[Input Boundary: Start]
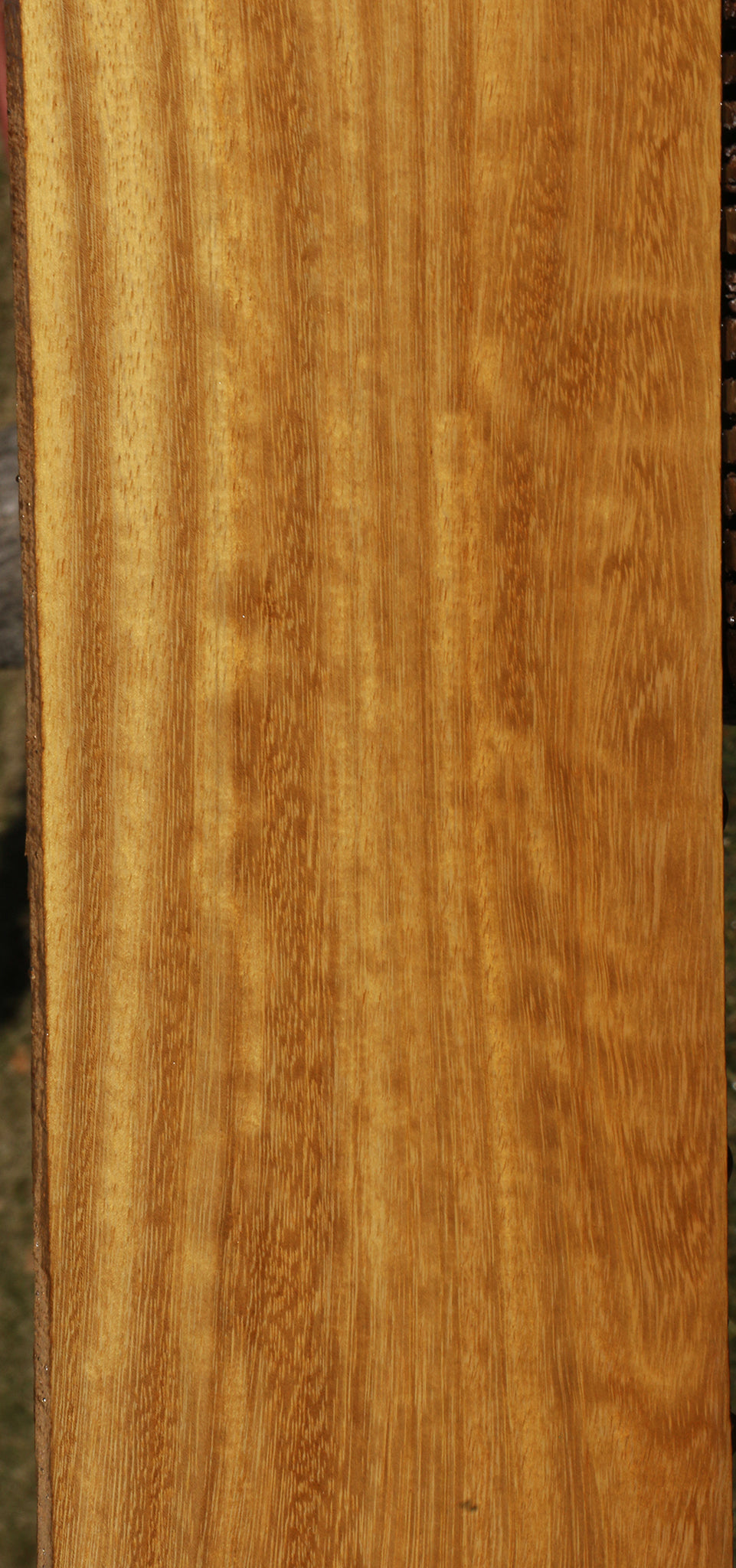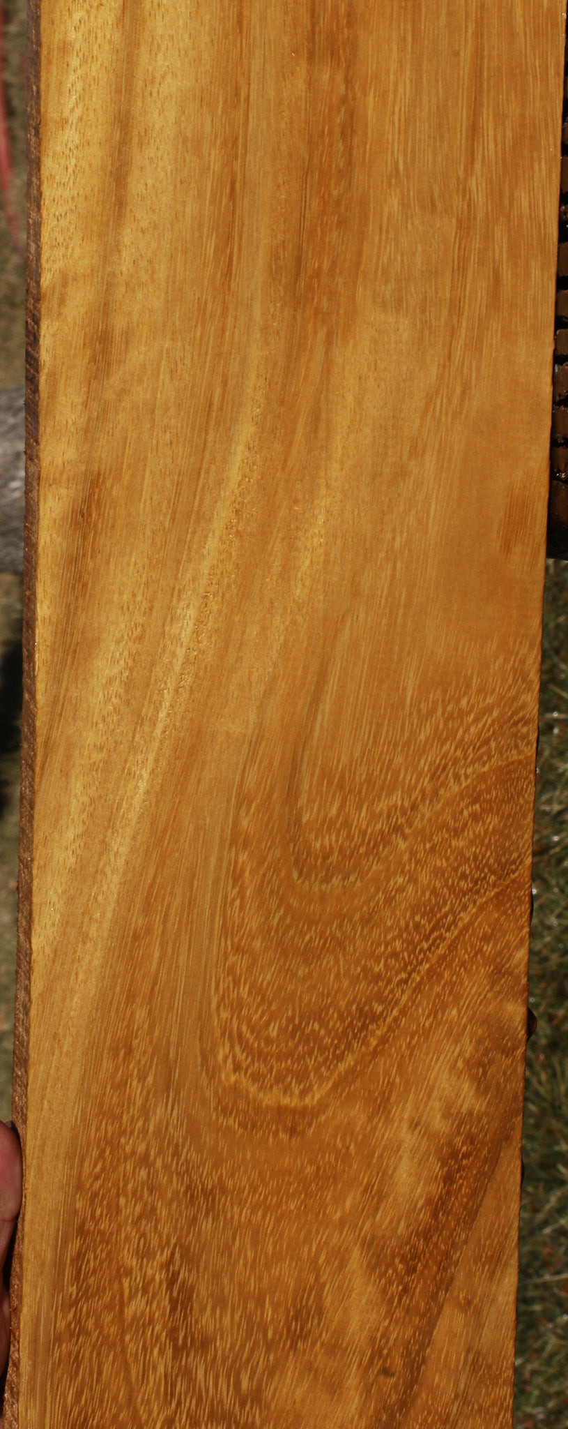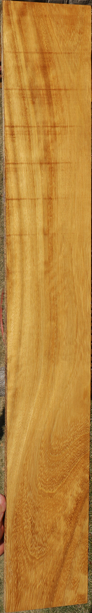 This African Teak lumber is kiln dried and has been surfaced on two sides. The heartwood ranges from yellow to golden with a slight hint of brown. It has a coarse texture with open grain. Quarter or rift sawn boards may show some ribbon or fiddleback figure, as shown in the picture of each item. A minor end or surface check may be present. Boards over 36" may have a slight 1/16" to 1/8" bow/twist. This is an exceptional substitute for genuine Burma Teak at a fraction of the cost! This piece has an end split. Please see pictures for details.
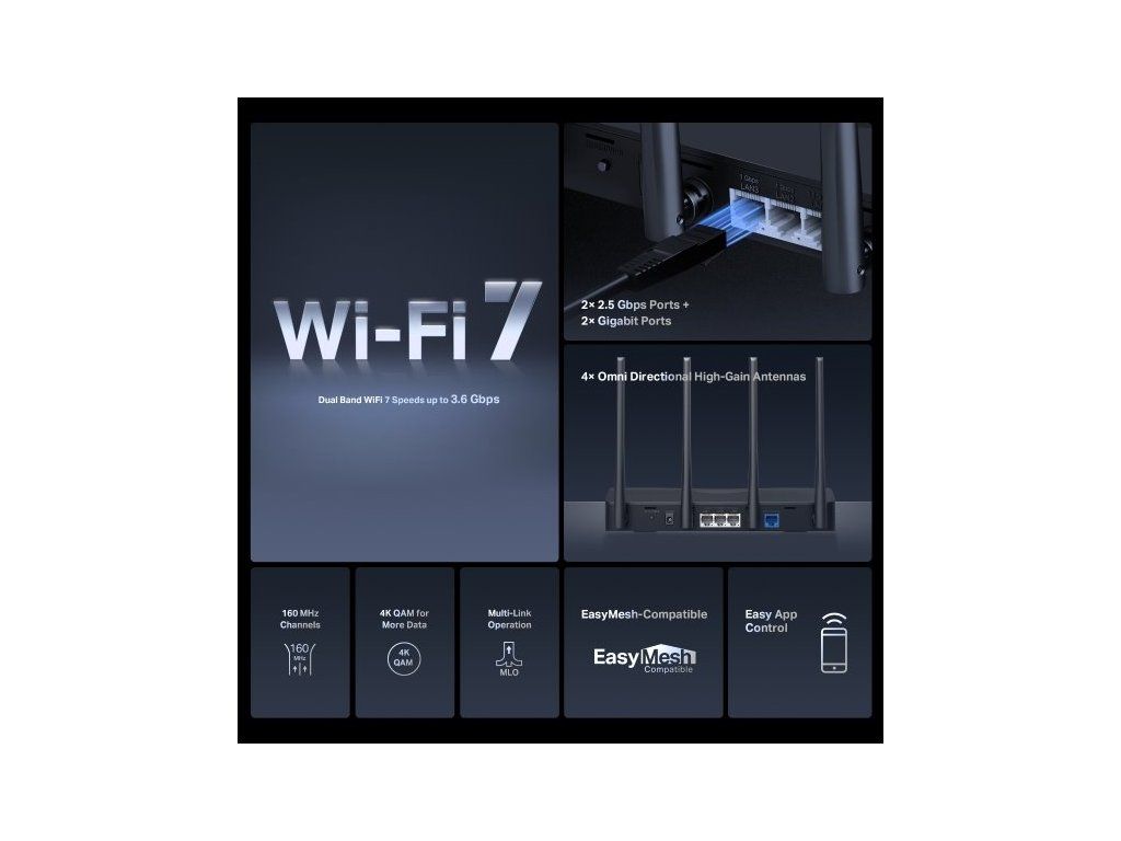 - Bleskově rychlé třípásmové připojení WiFi 7 – celková rychlost až 3,6 Gb/s
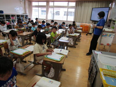 校長からは、これから10月11日(金)までの間は「1学期のまとめの時期」であること、また、夏休み中のパリオリンピックでの日本選手団の活躍を紹介し、結果より、「目標に向かって頑張っている自分を大切にしてほしい。そして、そういう自分を好きになってほしい」ことなどについて話をしました。
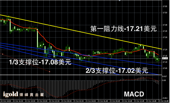 白银阴阳烛录得柱体仍然较短,后期小幅低于红色日均线,短线MACD显示弱势空头主导,白银价格晚上或浮动在17.15美元附近。建议低位支撑参考17.1美元附近。
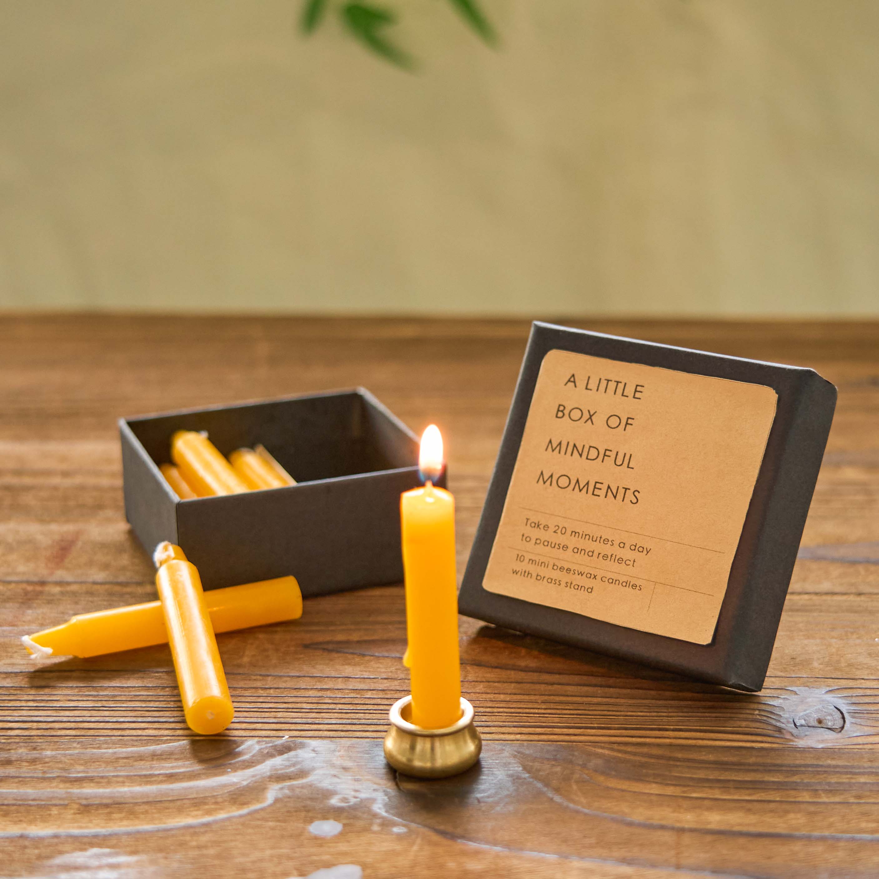 - 10 mini candles, brass stand and presentation box
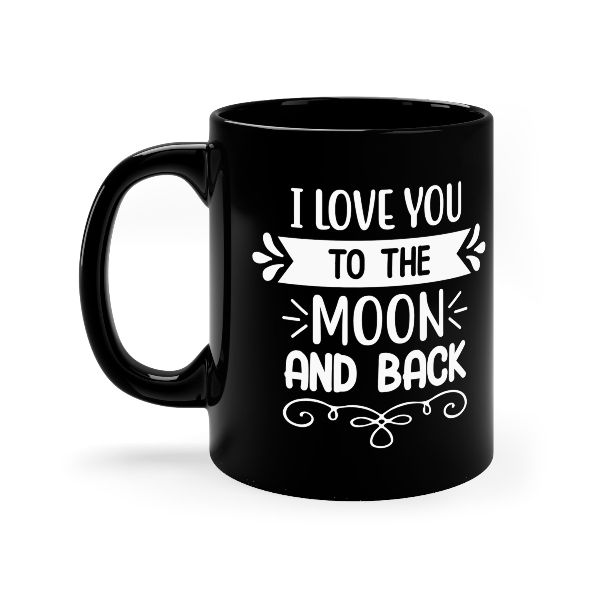 The white printed text and decorative elements on the mug are truly eye – catching. The phrase “I LOVE YOU TO THE MOON AND BACK” is split into segments. “I LOVE YOU” is printed at the top in bold white font, followed by a white banner with “TO THE” centered and flanked by decorative arrow – like flourishes. “MOON” is in the middle, bold with small white accent lines for emphasis, and “AND BACK” at the bottom in a playful white font. An ornate white swirly design at the bottom adds a romantic and whimsical touch.
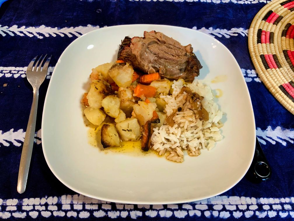 It is accompanied by roast potatoes and carrots and (optionally) some white rice.
[Input Boundary: End]
■ Work to complete ■
Exclude all images and restate the records above word for word.

■ Exercise output ■
 This African Teak lumber is kiln dried and has been surfaced on two sides. The heartwood ranges from yellow to golden with a slight hint of brown. It has a coarse texture with open grain. Quarter or rift sawn boards may show some ribbon or fiddleback figure, as shown in the picture of each item. A minor end or surface check may be present. Boards over 36" may have a slight 1/16" to 1/8" bow/twist. This is an exceptional substitute for genuine Burma Teak at a fraction of the cost! This piece has an end split. Please see pictures for details.
 - Bleskově rychlé třípásmové připojení WiFi 7 – celková rychlost až 3,6 Gb/s
 校長からは、これから10月11日(金)までの間は「1学期のまとめの時期」であること、また、夏休み中のパリオリンピックでの日本選手団の活躍を紹介し、結果より、「目標に向かって頑張っている自分を大切にしてほしい。そして、そういう自分を好きになってほしい」ことなどについて話をしました。
 白银阴阳烛录得柱体仍然较短,后期小幅低于红色日均线,短线MACD显示弱势空头主导,白银价格晚上或浮动在17.15美元附近。建议低位支撑参考17.1美元附近。
 - 10 mini candles, brass stand and presentation box
 The white printed text and decorative elements on the mug are truly eye – catching. The phrase “I LOVE YOU TO THE MOON AND BACK” is split into segments. “I LOVE YOU” is printed at the top in bold white font, followed by a white banner with “TO THE” centered and flanked by decorative arrow – like flourishes. “MOON” is in the middle, bold with small white accent lines for emphasis, and “AND BACK” at the bottom in a playful white font. An ornate white swirly design at the bottom adds a romantic and whimsical touch.
 It is accompanied by roast potatoes and carrots and (optionally) some white rice.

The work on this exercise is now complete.